A smart stethoscope combined with an AI algorithm could enable earlier diagnosis of heart failure and better patient outcomes, all at a lower cost.
Researchers at the National Heart and Lung Institute and Imperial’s Cardiac Engineering Center complete the first-ever NHS study to assess artificial intelligence (AI) technology for the detection of failure heart rate at the point of care.
Heart failure is a condition in which the heart cannot pump blood efficiently. It carries a higher risk of death than most cancers and is increasingly common, affecting 2% of the UK population and consuming 4% of the NHS budget.
This tool can save the NHS time and money and unlock major benefits for patients through early diagnosis Doctor Patrik Bachtiger
Reliable diagnosis of heart failure is a major challenge for general practitioners because symptoms, such as shortness of breath, are associated with many other conditions. Most heart failure patients are diagnosed in hospital after a series of tests, highlighting the need for a point-of-care screening tool.
The study published in The Lancet Digital Health and led by Professor Nicholas Peters, Head of Cardiac Electrophysiology, recruited more than 1,000 NHS patients at seven sites in North West London, including Imperial College Healthcare hospitals. NHS Trust (ICHNT).
Using a “smart” stethoscope – the Eko DUO device – which records electrocardiograms (ECGs) as well as heart sounds, the researchers applied the new AI algorithm that determines in 15 seconds whether the action pumping capacity of their heart is weakened, providing an immediate diagnosis of heart failure.
The study team found that the AI ââtechnology exhibited 91% sensitivity and 80% specificity compared to routine diagnostic tests which are invasive and expensive.
Dr Patrik Bachtiger, NHLI digital health clinical researcher and lead author of the paper, said: âThis superhuman ability to screen patients at any point of care, including general surgery, can overcome reality. unacceptable% of patients with heart failure are currently diagnosed during emergency hospitalization. The current clinical journey is simply missing too many patients, leaving them undiagnosed until they are seriously ill. This tool can save the NHS time and money and bring major benefits to patients through early diagnosis and initiation of effective treatments. “
“Game change for general practitioners”
Early diagnosis is a key determinant of the effectiveness of heart failure treatments on which symptoms, quality of life and survival depend. A lack of effective tools for GPs to confirm or rule out heart failure leads to late diagnosis, significantly higher NHS costs and earlier death in 80% of cases.
Professor Nicholas Peters said: âThis tool is a game-changer because our study shows that general practitioners will be able to use it in a way that matches how they examine patients to reliably rule out or rule out heart failure. that time. The result will be earlier diagnosis and treatment, avoidance of unnecessary and costly tests in those in whom heart failure is ruled out, and therefore allow better and more cost-effective health care.
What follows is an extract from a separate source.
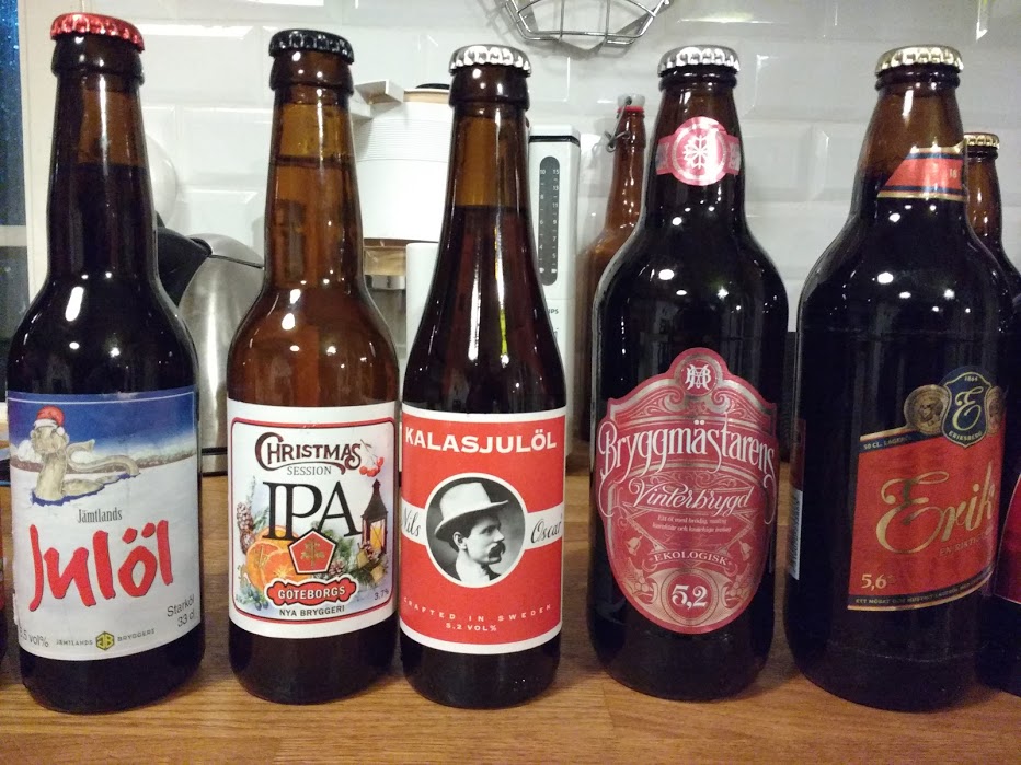 Julöl, also Weihnachtsbier, ist ein großes Ding hier. Ich habe eben beim Systembolaget einen Teil der Auswahl mitgenommen, um die Zeit, bis mein eigenes fertig ist, zu überbrücken.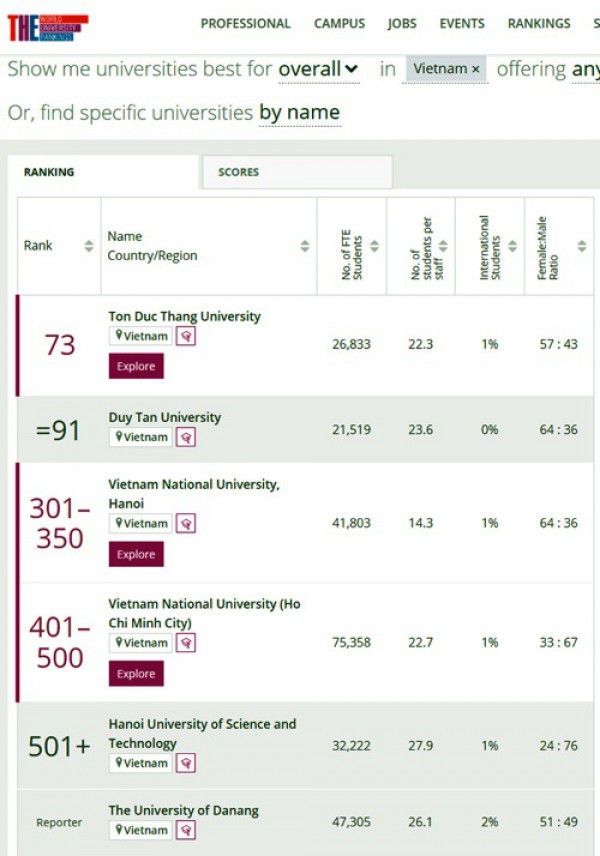 Như vậy, cùng với 3 trường đại học Việt Nam đã được xếp hạng từ năm 2021, Việt Nam đã có 5 trường đại học lọt vào Top 100 Trường đại học tốt nhất châu Á năm 2022. Cụ thể: Một trường ở TP.HCM xếp vị trí 73; Trường ĐH Duy Tân, xếp vị trí =91; ĐH Quốc gia Hà Nội, xếp vị trí 301-350; ĐH Quốc gia TP.Hồ Chí Minh (HCM), xếp vị trí 401-500; Trường ĐH Bách khoa Hà Nội, xếp vị trí 500+

NHSX AI Award in Health and Care
This research is among the first to be funded by the NIHR and the NHSX Artificial Intelligence in Health and Care Award. The award aims to accelerate the testing and evaluation of the most promising AI technologies that meet the strategic goals set out in the NHS long-term plan.
Commenting on the next steps, Professor Peters said: âThis study lays the foundation for the deployment of this AI technology to unlock the clinical and economic benefits of early diagnosis. We will now begin the study to prove the magnitude of this benefit in numerous urban and rural GP practices across the UK, with the aim of producing evidence for widespread adoption by the NHS. “
Point-of-Care Screening for Heart Failure with Reduced Ejection Fraction Using Artificial Intelligence in ECG-Activated Stethoscope Exam in London, UK: A Prospective, Observational, and multicentric â- by Bachtiger et al is published in The Lancet Digital Health.